* Task details *
Reproduce the lines below exactly, from the one containing "As for artistic" through the one containing "This vibrant fused-glass", both included. Leave out any pictures.

* Exercise material *
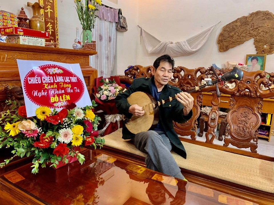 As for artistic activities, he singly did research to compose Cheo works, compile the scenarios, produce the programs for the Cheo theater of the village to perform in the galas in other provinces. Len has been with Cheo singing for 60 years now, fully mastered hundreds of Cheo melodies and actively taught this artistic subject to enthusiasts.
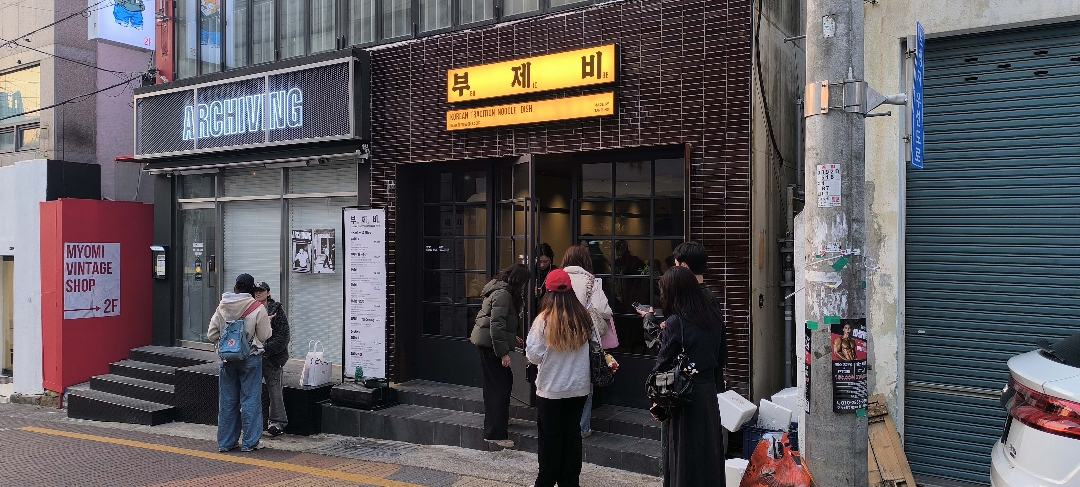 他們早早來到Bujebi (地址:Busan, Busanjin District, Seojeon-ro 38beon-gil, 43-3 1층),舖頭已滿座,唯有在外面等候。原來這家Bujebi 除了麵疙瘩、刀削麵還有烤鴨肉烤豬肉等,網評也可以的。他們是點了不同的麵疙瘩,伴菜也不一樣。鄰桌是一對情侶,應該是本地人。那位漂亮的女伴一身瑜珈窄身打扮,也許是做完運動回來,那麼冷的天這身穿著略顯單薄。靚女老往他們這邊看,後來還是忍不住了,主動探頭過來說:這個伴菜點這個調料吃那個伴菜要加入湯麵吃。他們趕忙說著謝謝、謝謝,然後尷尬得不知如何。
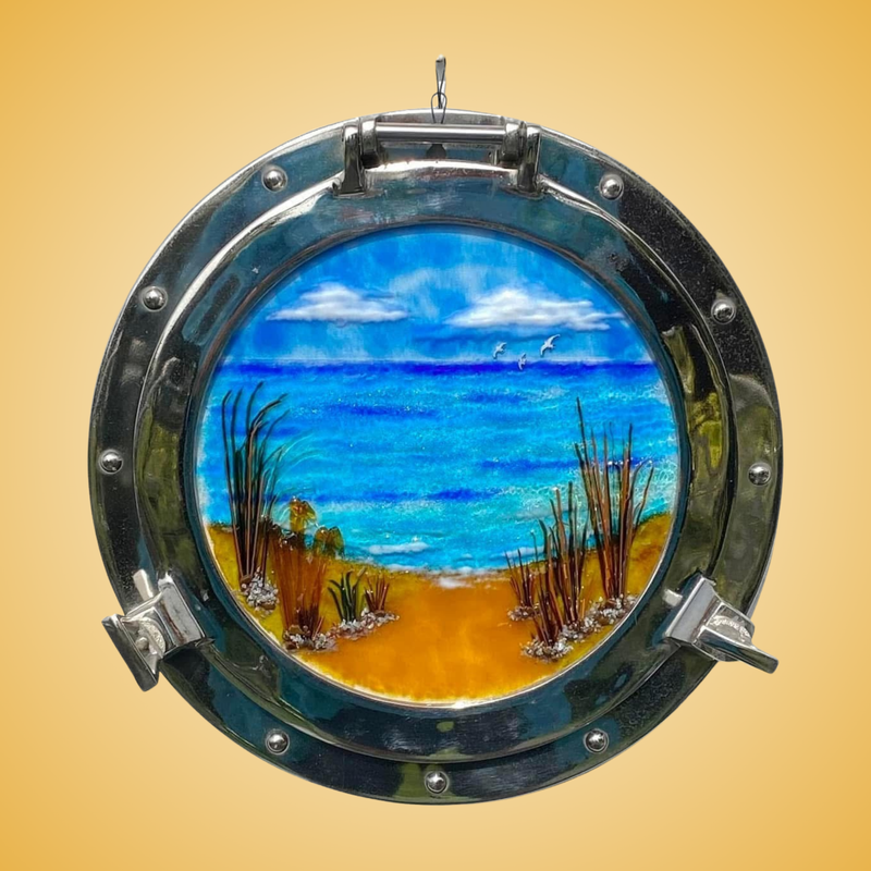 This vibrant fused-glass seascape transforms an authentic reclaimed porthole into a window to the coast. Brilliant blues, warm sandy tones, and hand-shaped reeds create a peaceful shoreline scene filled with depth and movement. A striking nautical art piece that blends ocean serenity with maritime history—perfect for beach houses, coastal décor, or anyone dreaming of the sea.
---
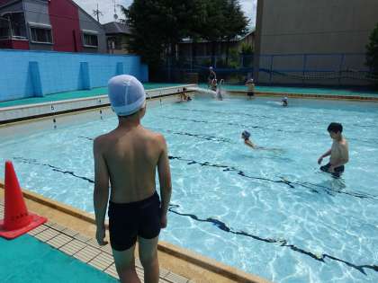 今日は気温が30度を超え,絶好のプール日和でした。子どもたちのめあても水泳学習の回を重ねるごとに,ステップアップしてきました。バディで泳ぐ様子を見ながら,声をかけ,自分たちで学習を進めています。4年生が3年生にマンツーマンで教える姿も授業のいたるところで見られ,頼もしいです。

* Answer box *
 As for artistic activities, he singly did research to compose Cheo works, compile the scenarios, produce the programs for the Cheo theater of the village to perform in the galas in other provinces. Len has been with Cheo singing for 60 years now, fully mastered hundreds of Cheo melodies and actively taught this artistic subject to enthusiasts.
 他們早早來到Bujebi (地址:Busan, Busanjin District, Seojeon-ro 38beon-gil, 43-3 1층),舖頭已滿座,唯有在外面等候。原來這家Bujebi 除了麵疙瘩、刀削麵還有烤鴨肉烤豬肉等,網評也可以的。他們是點了不同的麵疙瘩,伴菜也不一樣。鄰桌是一對情侶,應該是本地人。那位漂亮的女伴一身瑜珈窄身打扮,也許是做完運動回來,那麼冷的天這身穿著略顯單薄。靚女老往他們這邊看,後來還是忍不住了,主動探頭過來說:這個伴菜點這個調料吃那個伴菜要加入湯麵吃。他們趕忙說著謝謝、謝謝,然後尷尬得不知如何。
 This vibrant fused-glass seascape transforms an authentic reclaimed porthole into a window to the coast. Brilliant blues, warm sandy tones, and hand-shaped reeds create a peaceful shoreline scene filled with depth and movement. A striking nautical art piece that blends ocean serenity with maritime history—perfect for beach houses, coastal décor, or anyone dreaming of the sea.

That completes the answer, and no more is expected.